I have terrible dreams but I fret more about the whispers I hear as I walk into a space of normality. I fret about the dust. I watch and listen to the tired drawl that comes out of me and yet is so removed from me. Do I hear the many voices carefully breaking off as I scratch off marks on the table of a cafeteria? The voice in my head, my voice is very different from the one that comes out. I have three voices, the third is quiet and I’ve never heard it.
As I write this text, I know very well that I’m not a writer. ‘I’m not a writer’, the drawl says. I’m not all the supposed women I should become and not all the things that sound like dream or murder. Both demands torment me all the same. The ordinary life that demands I become ordinary; the terrible voice inside that demands I become out of ordinary… both songs torment me all the same. I have three songs and the third demands I become nothing.
I am not a poet, not a painter, not intelligent. I am not a nurturer, not a laborer, nor a trophy. I am not my mother who is a housewife I do not desire to be a housewife. I am not bukowski, or picasso or neitschze or some e-boy on the internet who writes flowery poetry about broken girls and glamorizes pain. Hold up Holden Caulfied. I have three kinds of people I should look up to, the third is someone I do not know yet.
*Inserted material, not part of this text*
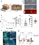 Figure 5—figure supplement 3 Characterization of human Gut and Liver Chips with integrated sensing technology. (a) Illustration of the sensor-integrated OOC unit connected to reservoir pod for automatic operation of fluid flow using pneumatic pressure (left). Inset shows a schematic of the top and bottom views of the sensor-chip-PCB compartment showing locations of transepithelial electrical resistance (TEER) electrodes and O2 sensors in the apical and basal channels. Four O2 sensing spots were added to the channels – two in the top and two in the bottom channels for across the chip measurement. Electrode connectors are necessary for remote TEER sensing. (b) Phase contrast images of Caco-2 cells seeded on sensor chip at days 1 and 10 of culture (top) and Huh7 cells seeded on sensor chip at days 1 and 10 (middle). Fluorescent images of Liver Chip at days 1 and 10 of the transduced nuclear marker (bottom). (c) Percentage of O2 level (black; n=16 Chips) and TEER impedance values (gray; n=9 Chips) on sensor Liver Chip during 10 days of culture. (d) Average albumin production of Liver Chips at day of experiment starts (days 7–10 of culture; n=40 Chips). (e) Average urea production of Liver Chips at day of experiment starts (days 7–10 of culture; n=40 Chips). (f) Representative immunofluorescence images of the sensor Gut Chip (left) and Liver Chip (right) epithelium stained with DNA damage marker (H2AX) and nuclei (DAPI) for vehicle control and SNC80-treated tissues after 7 days’ recovery. (g) Quantitative analysis of proliferation and DNA damage stains on Gut and Liver Chips after 48 hr of treatment and 7-day recovery to 100 μM SNC80 (2–3 biological replicates/group/marker; each data point corresponds to an average of multiple fields of view). Statistical comparisons were performed using multiple unpaired t-tests for each marker with FDR correction. Data represent the mean ± SD. |
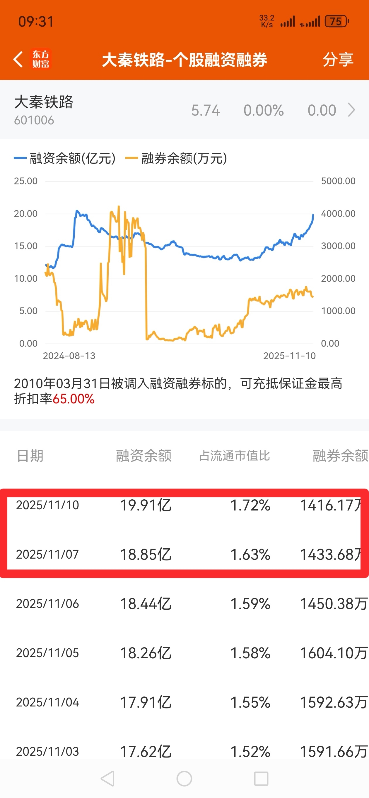 $大秦铁路(SH601006)$ 融资客真的猛,一天买一个多亿

To an extent I don’t even feel like a girl. What claims do I make? I don’t think I can make any. I don’t think I desire to be any of this and yet here are two poles that strain to kill who I really am. Who I really am, I don’t really think I am anything. In this world perhaps it is best to be nothing, to produce nothing. I have three desires and the third is a lack of desire.
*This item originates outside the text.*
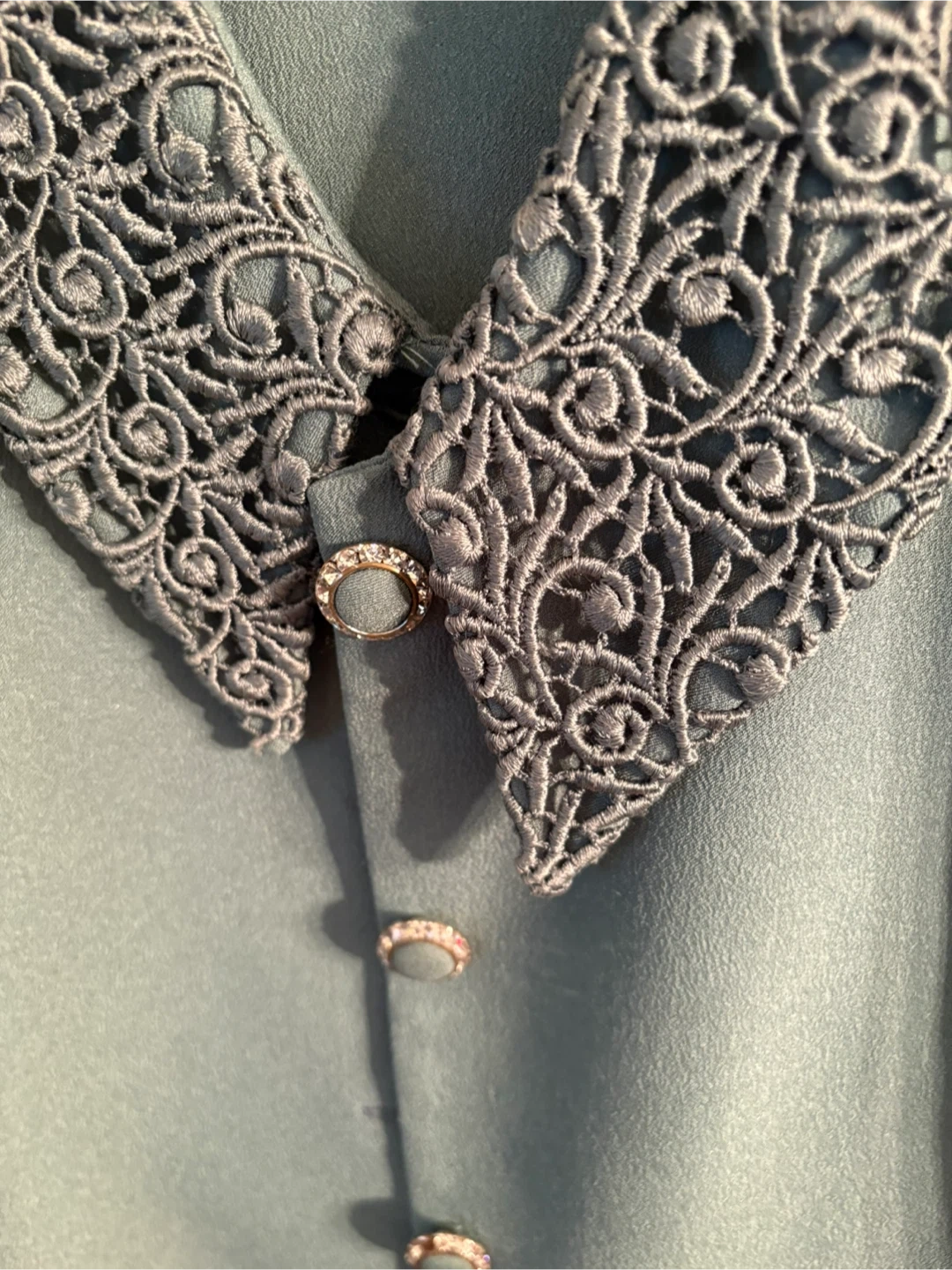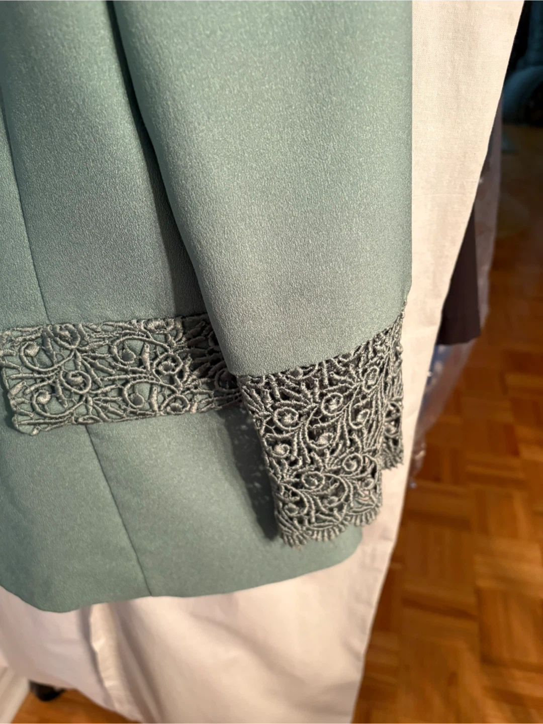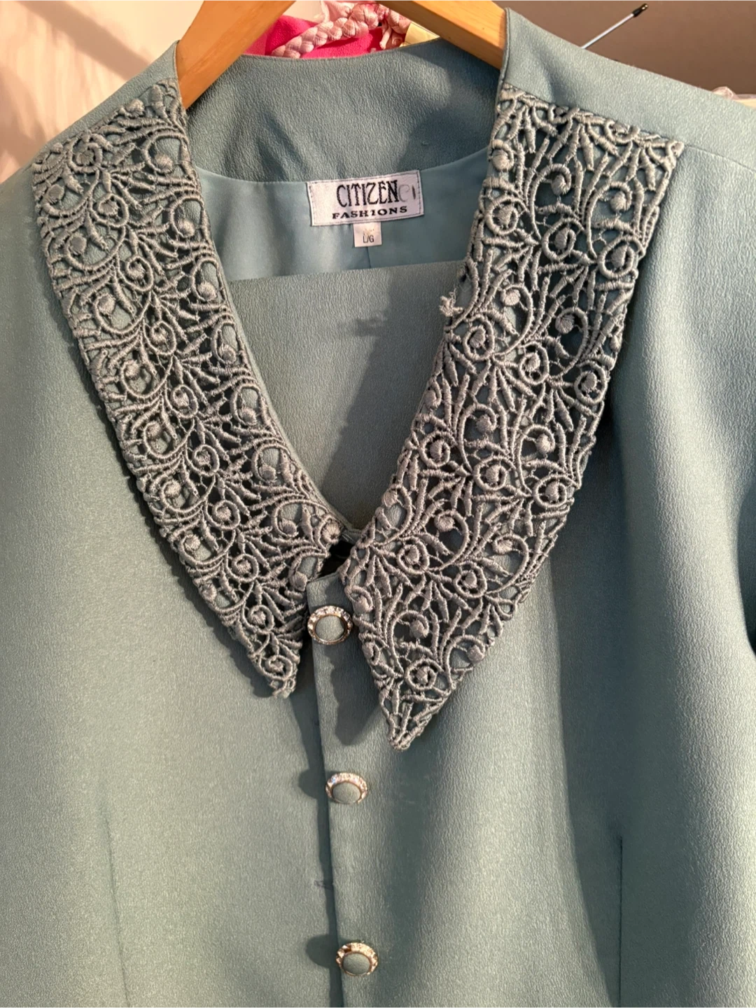 Light blue suit from Citizen Fashions in size large. It features intricate lace detailing on the collar and cuffs. Includes decorative button accents. worn once at wedding.
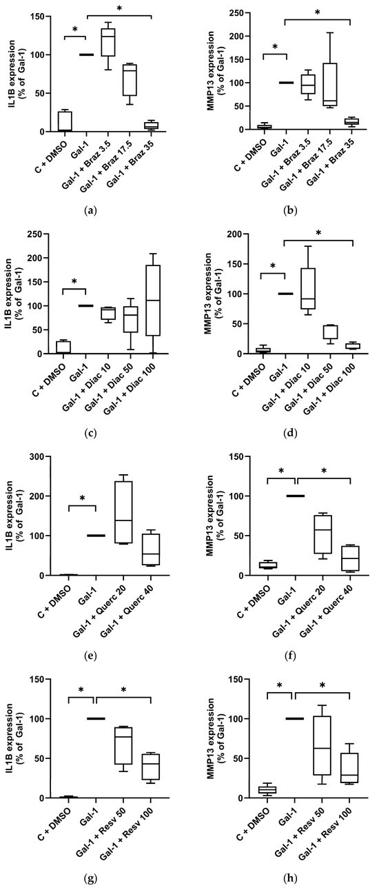 Co-treatment with Brazilin dose-dependently reduced the Gal-1-induced IL1B (Figure 2a) and MMP13 (Figure 2b) expression, with significant suppression to basal levels at 35 µM. Diacerein had no effect on IL1B expression (Figure 2c) but significantly decreased MMP13 levels in a dose-dependent manner, reaching baseline at 100 µM (p < 0.05; Figure 2d). At 40 µM, Quercetin reduced IL1B expression by 46.1% (Figure 2e), though without statistical significance, while MMP-13 was significantly reduced by 78.8% (Figure 2f). Resveratrol (100 µM) significantly suppressed both IL1B (to 43.2%; Figure 2g) and MMP13 (to 28.9%; Figure 2h). ASU had no significant effect on either marker (Figure S1a,b) expression.

It’s not as if I do not see you, Adrienne, Sylvia, Virginia, Audre and it is not as if I cannot see who or what I want to be. But this third pole is also situated somewhere between the other two and it exists as a negative. Like a festering wound that ties me to a still place in another way. To not want, to not desire, to not make any claims of intelligence, beauty, love, labour. To simply unremain. There are three poles jammed inside me and this one is negative.
I named this third a drawn out longing for safety, for protection, for a space without harm.